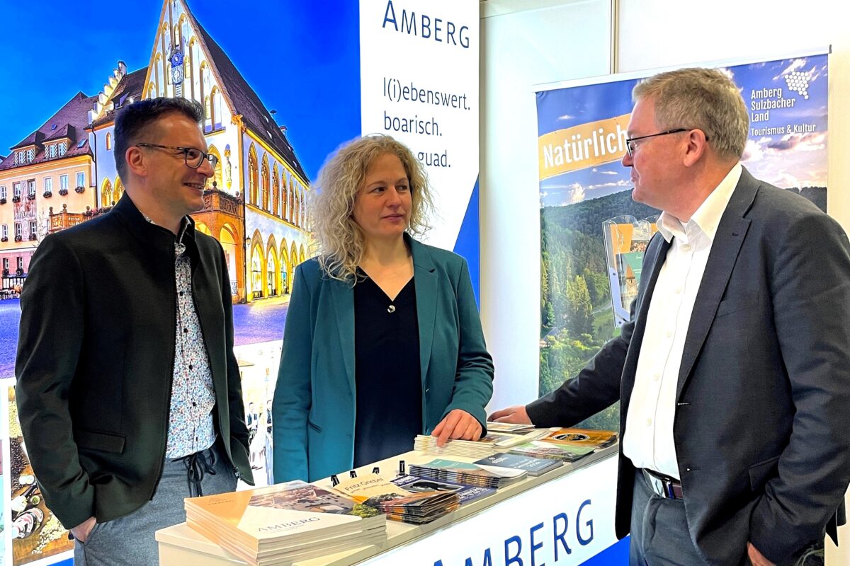 Auch in diesem Jahr präsentiert sich die Stadt Amberg zusammen mit dem Landkreis Amberg-Sulzbach auf der Freizeit, Touristik und Garten, die vom 12. bis 16. März auf dem Messegelände in Nürnberg stattfindet. Erneut haben das städtische Amt für Tourismusförderung und seine Leiterin Heike Kober eine ganze Reihe neuer Angebote im Gepäck. „Ich bin mir sicher, dass wieder viele Gäste stehenbleiben und sich über die vielfältigen Angebote informieren werden, die bei uns in Amberg und der Region auf sie warten“, betonte Oberbürgermeister Michael Cerny, der es sich nicht hatte nehmen lassen, zur Eröffnung persönlich vorbeizukommen.
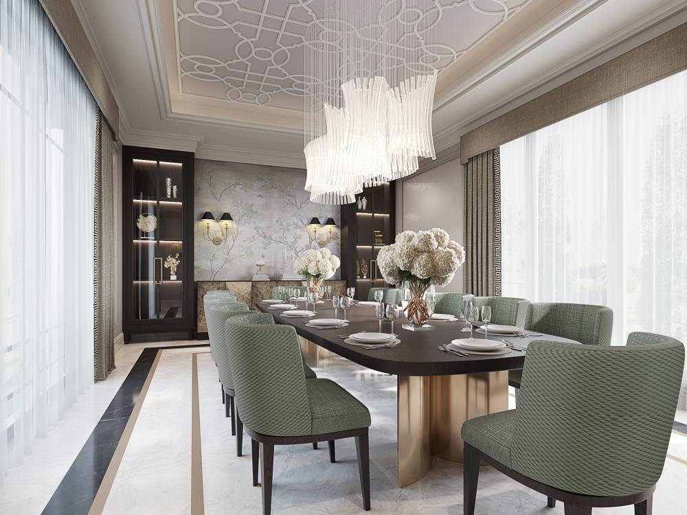 الأخضر هو لون الطبيعة والزرع، يرتبط بالاسترخاء والصحّة والطعام الصحّي، ويجمع بين بهجة الأصفر وهدوء الأزرق، ممّا يجعله الخيار المثالي لديكورات غرف الطعام، مع نصيحة المصمّمة بدمجه بالألوان الترابيّة، في إطار الديكور الحميمي. ورق الحائط الأخضر كفيل بجعل الغرف تبدو ذات تأثير عميق وهادئ، أمّا الكراسي المنجّدة بالأخضر أو حتّى الستائر فيساهمان في إعداد جلسة مريحة ومحفّزة للشهية.
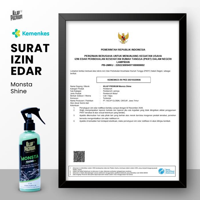 Monsta Shine | Kilap Premium - Pengkilap Body Motor Mobil Helm Glossy, Sealant Semi Coating Wax Paint, Pengkilap Cat Mot
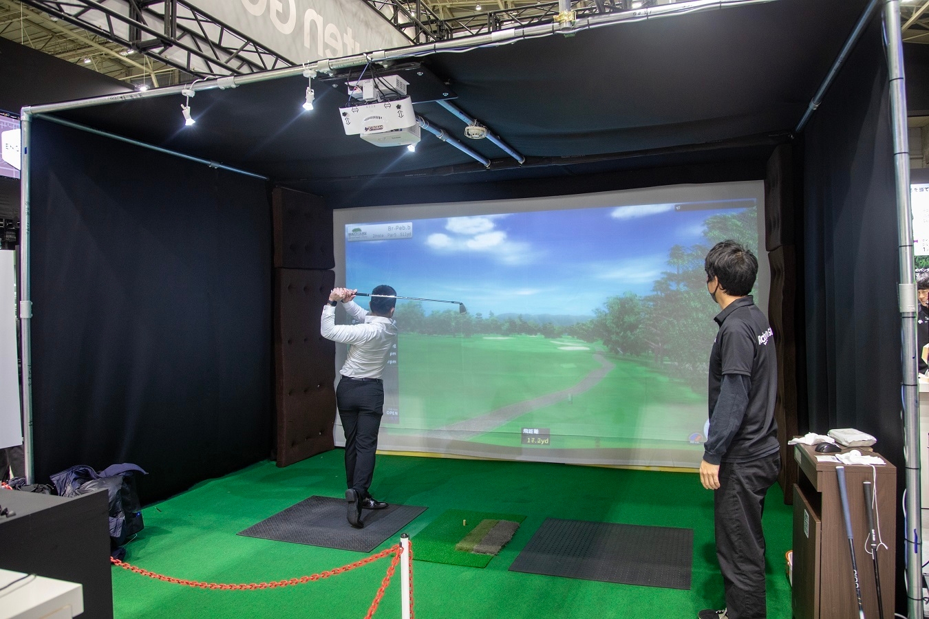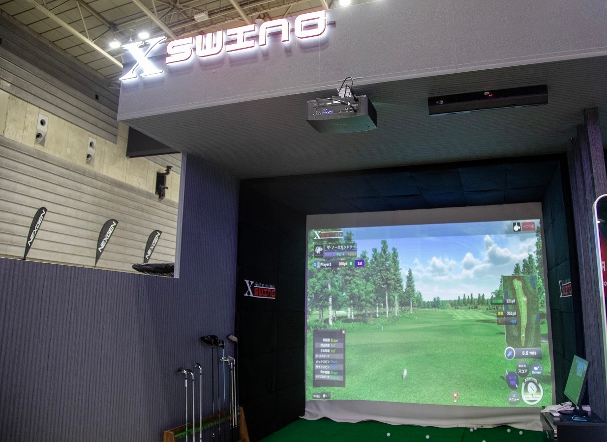 コンポーネントコーナーでは、ユニバーサルゴルフ社がオリジナルで開発したインドアゴルフ組み立てキットに、WUXGA(1,920×1,200)解像度の高輝度、短焦点レーザープロジェクター「LU935ST」が、創建メガのゴルフシミュレーターとの組み合わせで設置。同ブースでは、ゴルフタレントのいづみんさんが試打を行い、来場者の注目を集めました。
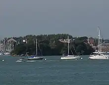 The island overlooks Portsmouth harbour.[1] At low tide a spit connects it with Priddy's Hard.[1] It has been suggested that the name dates from the 17th century and is derived from being within the borough of Gosport.[2]
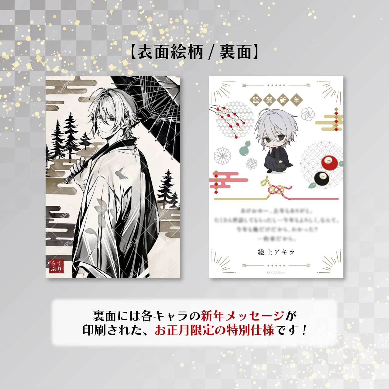 表面には筆墨風タッチで描かれた和装姿の彼が、裏面にはお正月のモチーフに彩られたミニキャラと、彼からの特別な年始メッセージを添えてお届けします。
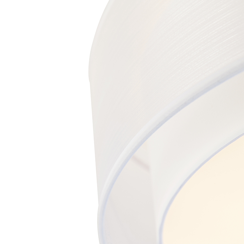 Drum Duo is zoals je al doet vermoeden een lamp met een duo kap. De binnenste en buitenste kap zijn wit, de buitenste kap is doorschijnend. Dit zorgt voor een extra dimensie in de lamp. Doordat de binnenste kap is afgesloten met een opaal plastic plaat, wordt het licht gedempt. Dat zorgt voor een aangename licht beleving. Drum Duo is gemaakt van stof met staal en plastic. Hij heeft een diameter van 50 cm en een hoogte van 32 cm. De montageplaat heeft een diameter van 12 cm en een hoogte van 2,5 cm. Je maakt de plafondlamp af met 3 lichtbronnen met een E14 fitting van max. 40 Watt. Zorg dat je deze er nog los bij besteld. De lamp is dimbaar met een externe dimmer, deze is niet inbegrepen. Drum Duo is een mooie plafondlamp voor in de hal, woonkamer of slaapkamer. Maak het gezellig in huis met Drum Duo.

::::::::::

◆ YOUR GOAL ◆
Only the lines from the one with "コンポーネントコーナーでは、" through the end of the listing should be transcribed, exactly and without pictures.

◆ EXERCISE OUTPUT ◆
 コンポーネントコーナーでは、ユニバーサルゴルフ社がオリジナルで開発したインドアゴルフ組み立てキットに、WUXGA(1,920×1,200)解像度の高輝度、短焦点レーザープロジェクター「LU935ST」が、創建メガのゴルフシミュレーターとの組み合わせで設置。同ブースでは、ゴルフタレントのいづみんさんが試打を行い、来場者の注目を集めました。
 The island overlooks Portsmouth harbour.[1] At low tide a spit connects it with Priddy's Hard.[1] It has been suggested that the name dates from the 17th century and is derived from being within the borough of Gosport.[2]
 表面には筆墨風タッチで描かれた和装姿の彼が、裏面にはお正月のモチーフに彩られたミニキャラと、彼からの特別な年始メッセージを添えてお届けします。
 Drum Duo is zoals je al doet vermoeden een lamp met een duo kap. De binnenste en buitenste kap zijn wit, de buitenste kap is doorschijnend. Dit zorgt voor een extra dimensie in de lamp. Doordat de binnenste kap is afgesloten met een opaal plastic plaat, wordt het licht gedempt. Dat zorgt voor een aangename licht beleving. Drum Duo is gemaakt van stof met staal en plastic. Hij heeft een diameter van 50 cm en een hoogte van 32 cm. De montageplaat heeft een diameter van 12 cm en een hoogte van 2,5 cm. Je maakt de plafondlamp af met 3 lichtbronnen met een E14 fitting van max. 40 Watt. Zorg dat je deze er nog los bij besteld. De lamp is dimbaar met een externe dimmer, deze is niet inbegrepen. Drum Duo is een mooie plafondlamp voor in de hal, woonkamer of slaapkamer. Maak het gezellig in huis met Drum Duo.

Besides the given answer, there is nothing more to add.